Group Activity In Exercises \(37-40\) , verify that the function is continuous and state its domain. Indicate which theorems you are using, and which functions you are assuming to be continuous. $$y=\left\\{\begin{array}{ll}{\frac{x^{2}-1}{x-1},} & {x \neq 1} \\ {2,} & {x=1}\end{array}\right.$$

Short answer

Yes, the function is continuous for all real numbers which also makes up its domain.

Step-by-step solution

Identify the Domain

By examining the function, it can be seen that it has two parts. The first part of the function \(\frac{x^{2}-1}{x-1}\) is defined for all \(x \neq 1\). The second part of the function is defined only for \(x = 1\). Thus, the domain of the function is all real numbers.

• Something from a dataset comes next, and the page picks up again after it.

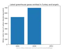 Turkey's share of current global greenhouse gas emissions is 1.3%.[8] Annual per person emissions since the late-2010s have varied around six and a half tonnes,[9] which is about the global average.[10] Although greenhouse gas totals are reported some details, such as the split between cars and lorries, are not published. Turkey has not yet sent a long-term strategy to the UNFCCC.[11]

Check Continuity for \(x \neq 1\)

The first part of the function is a quotient of two functions that are known to be continuous since they are polynomials. According to the continuous function theorem, the quotient of two continuous functions \(f(x) / g(x)\) is continuous at all points where \(g(x) \neq 0\). Here, \(g(x)\) = \(x-1\), which is not equal to zero for all \(x \neq 1\), so it is continuous everywhere except at \(x = 1\).

Check Continuity for \(x = 1\)

Looking at the second part of the function which is \(y=2\) for \(x = 1\), it is a constant function and constant functions are always continuous. Thus, it is continuous at \(x = 1\).

Consolidate results

Since the function is continuous at every point of its domain, we can conclude that the function \(y\) is continuous for its entire domain which is all real numbers.